Collection of tips and tutorials for running JAX on Perlmutter
-
First Introduction to JAX |
Authors: @EiffL
Covers the basic concepts of JAX with a few examples and common gotchas. Presented in July 2021. -
DESC DC2 Telecon: Practical introduction to JAX |
Authors: @EiffL
Covers a few examples of JAX uses cases: implemeting Limber integration, Fisher forecasts, running parallel MCMCs, fitting galaxy light profiles. Presented in Dec. 2021.
Installing JAX on Perlmutter is easy if you follow these steps:
module load python cudnn/8.2.0 nccl/2.11.4 cudatoolkit
pip install --upgrade "jax[cuda]" -f https://storage.googleapis.com/jax-releases/jax_releases.htmlAnd that's it, but note that to run properly, JAX will require that you load the following modules: cudnn/8.2.0 nccl/2.11.4 cudatoolkit.
To make sure the necessary modules are loaded when you run your notebooks on JupyterLab, you will then need to create a custom Jupyter kernel.
- Create a template kernel
python -m ipykernel install --user --name jax --display-name JAXThis will create a template kernel named JAX, which we now need to modify slightly.
Go to the newly created kernel directory:
cd $HOME/.local/share/jupyter/kernels/jax
ls
You should see in this directory a kernel.json which we will edit in the next step.

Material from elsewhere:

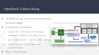 OpenStack Valence is a project focused on lifecycle management of Intel Rack Scale Design (RSD) resources, featuring APIs and plugins for integration with OpenStack components. It includes a reference GUI and supports advanced deployment scenarios, such as elastic bare metal provisioning and dynamic NVMe storage provisioning. Next steps involve developing a generic pod manager and extending communication capabilities with the RSD-managed hardware.
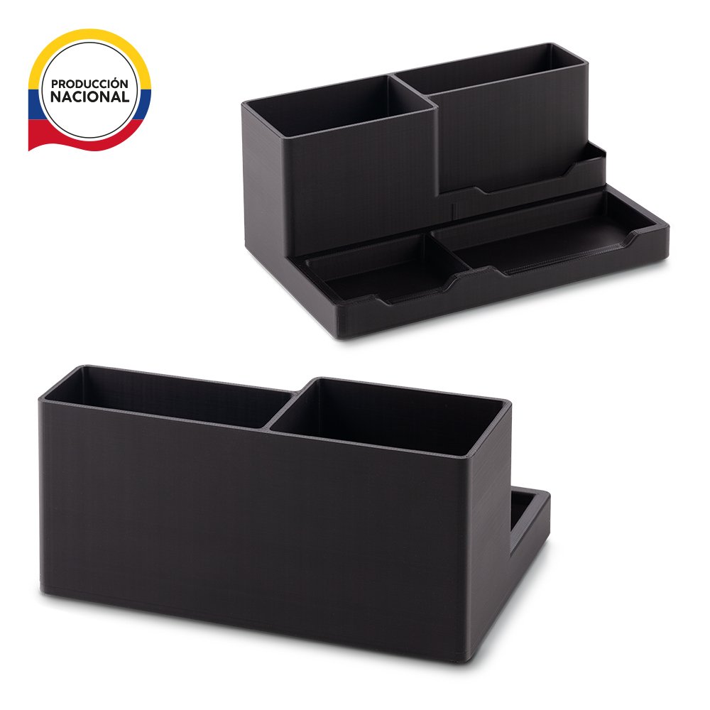 Organizador de escritorio plástico. Incluye taco de papel de 100 hojas. Medidas: 18 cm x 12 cm x 8.8 cm.

- Edit kernel with custom startup script
Open the kernel.json file and edit to the following:
{
"argv": [
"{resource_dir}/kernel-helper.sh",
"python",
"-m",
"ipykernel_launcher",
"-f",
"{connection_file}"
],
"display_name": "JAX",
"language": "python",
"metadata": {
"debugger": true
}
}Now, in addition, create a new file in the same directory named kernel-helper.sh with the following content:
#!/bin/bash -l
module load python cudnn/8.2.0 nccl/2.11.4 cudatoolkit
exec "$@"Give execution privileges to this file
chmod u+x kernel-helper.shAnd that should be it. Now when you launch the JAX kernel on Perlmutter you should be able to run your jax code without issue.